COLLECTED DATA:

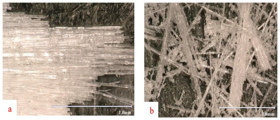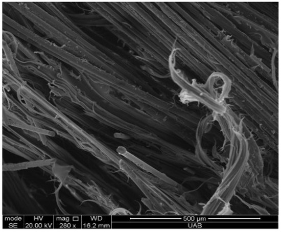 The matrix material remaining on the fiber surfaces is likely to reduce the effectiveness of the surface treatment applications to the underlying fiber bundles and have a poor load transfer ability. The fiber attritions and fragmentation during crushing also have negative effects on the strength of the composite. Recycled fiber bundles with low matrix residue are important for the interfacial bonding between the matrix and the fiber to be effectively established for new composite products. The surface condition of the EPG bundles obtained by recycling is shown in Figure 5a,b.
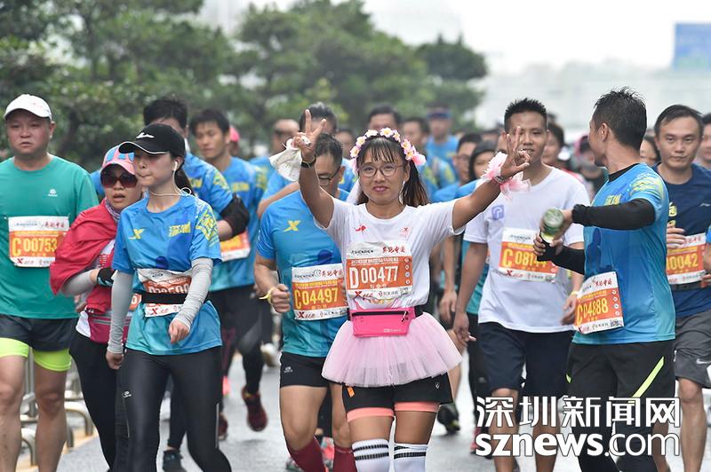 2018年12月16日,深圳國(guó)際馬拉松位于后海的折返點(diǎn),一名選手正在向終點(diǎn)沖刺,并向鏡頭招手。
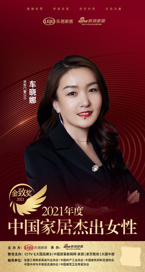 金致奖|沃伦门窗CEO车晓娜荣获「2021中国家居杰出女性」称号

INSTRUCTIONS FOR THE TASK:
The answer should match the data above word for word, with no pictures in it.

SOLUTION TO THE EXERCISE:
 The matrix material remaining on the fiber surfaces is likely to reduce the effectiveness of the surface treatment applications to the underlying fiber bundles and have a poor load transfer ability. The fiber attritions and fragmentation during crushing also have negative effects on the strength of the composite. Recycled fiber bundles with low matrix residue are important for the interfacial bonding between the matrix and the fiber to be effectively established for new composite products. The surface condition of the EPG bundles obtained by recycling is shown in Figure 5a,b.
 2018年12月16日,深圳國(guó)際馬拉松位于后海的折返點(diǎn),一名選手正在向終點(diǎn)沖刺,并向鏡頭招手。
 金致奖|沃伦门窗CEO车晓娜荣获「2021中国家居杰出女性」称号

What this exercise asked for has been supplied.